Instructions for the task:
Repeat the data exactly. Pictures stay out.

Data to process:
------------------------------

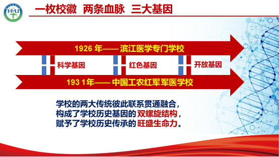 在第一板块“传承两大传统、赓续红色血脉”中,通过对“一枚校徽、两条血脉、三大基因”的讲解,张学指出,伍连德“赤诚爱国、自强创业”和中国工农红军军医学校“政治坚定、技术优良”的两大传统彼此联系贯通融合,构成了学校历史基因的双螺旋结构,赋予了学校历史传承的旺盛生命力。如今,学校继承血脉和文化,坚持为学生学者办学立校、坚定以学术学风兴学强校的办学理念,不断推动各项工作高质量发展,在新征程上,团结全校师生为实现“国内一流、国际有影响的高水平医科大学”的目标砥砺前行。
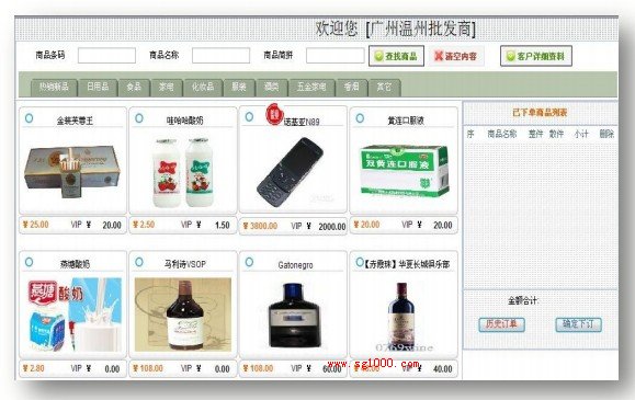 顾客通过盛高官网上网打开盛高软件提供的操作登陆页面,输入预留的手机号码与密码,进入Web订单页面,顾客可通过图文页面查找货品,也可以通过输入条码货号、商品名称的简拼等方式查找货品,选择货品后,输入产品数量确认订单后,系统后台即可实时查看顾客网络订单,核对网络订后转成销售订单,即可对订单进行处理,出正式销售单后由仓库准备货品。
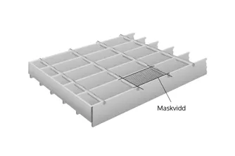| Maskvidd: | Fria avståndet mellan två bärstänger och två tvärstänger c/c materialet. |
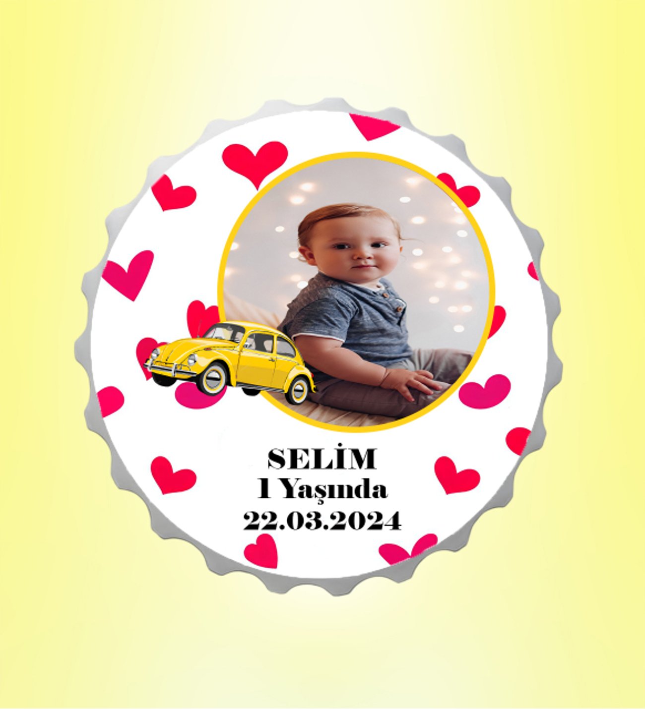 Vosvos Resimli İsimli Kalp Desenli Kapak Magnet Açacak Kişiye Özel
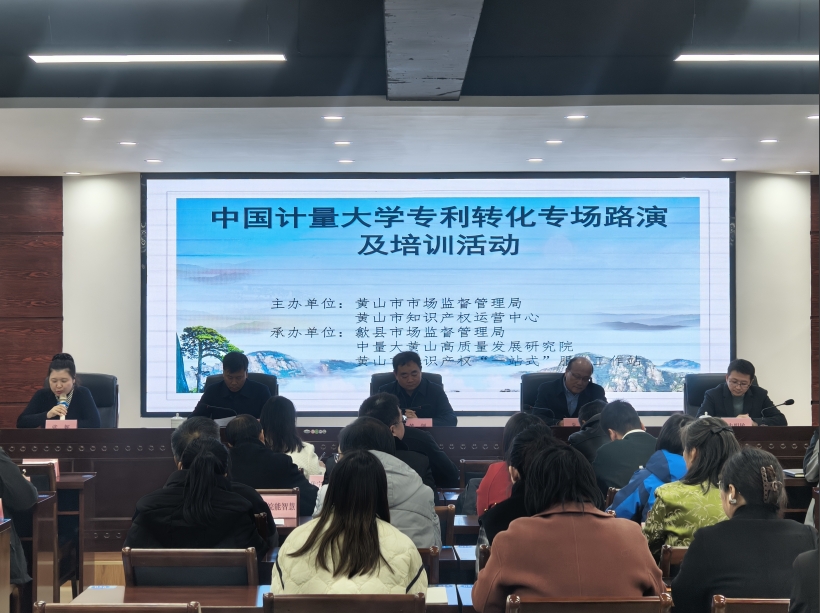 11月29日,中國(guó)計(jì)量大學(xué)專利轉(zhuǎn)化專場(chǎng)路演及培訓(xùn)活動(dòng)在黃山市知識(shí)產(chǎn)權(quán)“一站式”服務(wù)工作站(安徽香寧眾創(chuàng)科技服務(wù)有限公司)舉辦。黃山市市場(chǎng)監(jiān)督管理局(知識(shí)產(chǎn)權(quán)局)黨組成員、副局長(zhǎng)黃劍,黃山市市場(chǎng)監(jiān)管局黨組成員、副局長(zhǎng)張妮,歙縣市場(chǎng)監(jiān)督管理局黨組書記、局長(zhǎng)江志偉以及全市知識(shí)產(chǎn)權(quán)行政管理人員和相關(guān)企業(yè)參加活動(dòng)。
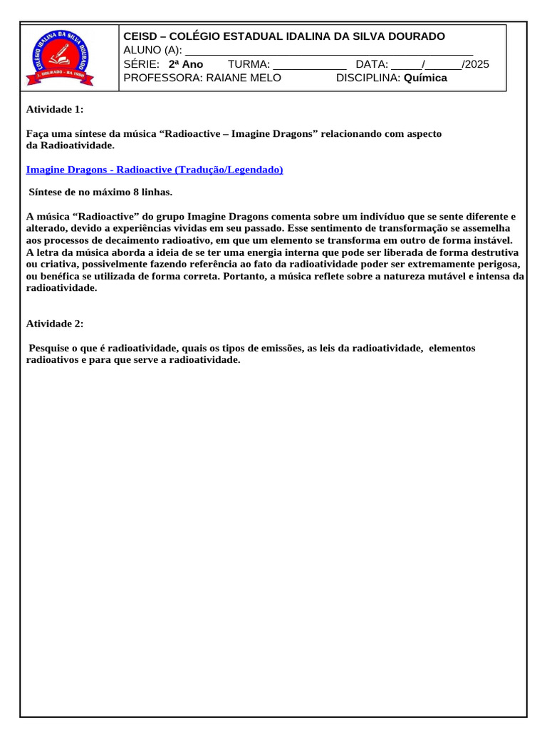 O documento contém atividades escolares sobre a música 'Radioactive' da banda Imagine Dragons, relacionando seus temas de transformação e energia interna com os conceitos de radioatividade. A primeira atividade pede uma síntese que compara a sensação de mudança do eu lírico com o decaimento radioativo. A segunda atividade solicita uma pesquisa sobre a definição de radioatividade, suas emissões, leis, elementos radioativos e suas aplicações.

------------------------------

Response to this task:
 在第一板块“传承两大传统、赓续红色血脉”中,通过对“一枚校徽、两条血脉、三大基因”的讲解,张学指出,伍连德“赤诚爱国、自强创业”和中国工农红军军医学校“政治坚定、技术优良”的两大传统彼此联系贯通融合,构成了学校历史基因的双螺旋结构,赋予了学校历史传承的旺盛生命力。如今,学校继承血脉和文化,坚持为学生学者办学立校、坚定以学术学风兴学强校的办学理念,不断推动各项工作高质量发展,在新征程上,团结全校师生为实现“国内一流、国际有影响的高水平医科大学”的目标砥砺前行。
 顾客通过盛高官网上网打开盛高软件提供的操作登陆页面,输入预留的手机号码与密码,进入Web订单页面,顾客可通过图文页面查找货品,也可以通过输入条码货号、商品名称的简拼等方式查找货品,选择货品后,输入产品数量确认订单后,系统后台即可实时查看顾客网络订单,核对网络订后转成销售订单,即可对订单进行处理,出正式销售单后由仓库准备货品。
| Maskvidd: | Fria avståndet mellan två bärstänger och två tvärstänger c/c materialet. |
 Vosvos Resimli İsimli Kalp Desenli Kapak Magnet Açacak Kişiye Özel
 11月29日,中國(guó)計(jì)量大學(xué)專利轉(zhuǎn)化專場(chǎng)路演及培訓(xùn)活動(dòng)在黃山市知識(shí)產(chǎn)權(quán)“一站式”服務(wù)工作站(安徽香寧眾創(chuàng)科技服務(wù)有限公司)舉辦。黃山市市場(chǎng)監(jiān)督管理局(知識(shí)產(chǎn)權(quán)局)黨組成員、副局長(zhǎng)黃劍,黃山市市場(chǎng)監(jiān)管局黨組成員、副局長(zhǎng)張妮,歙縣市場(chǎng)監(jiān)督管理局黨組書記、局長(zhǎng)江志偉以及全市知識(shí)產(chǎn)權(quán)行政管理人員和相關(guān)企業(yè)參加活動(dòng)。
 O documento contém atividades escolares sobre a música 'Radioactive' da banda Imagine Dragons, relacionando seus temas de transformação e energia interna com os conceitos de radioatividade. A primeira atividade pede uma síntese que compara a sensação de mudança do eu lírico com o decaimento radioativo. A segunda atividade solicita uma pesquisa sobre a definição de radioatividade, suas emissões, leis, elementos radioativos e suas aplicações.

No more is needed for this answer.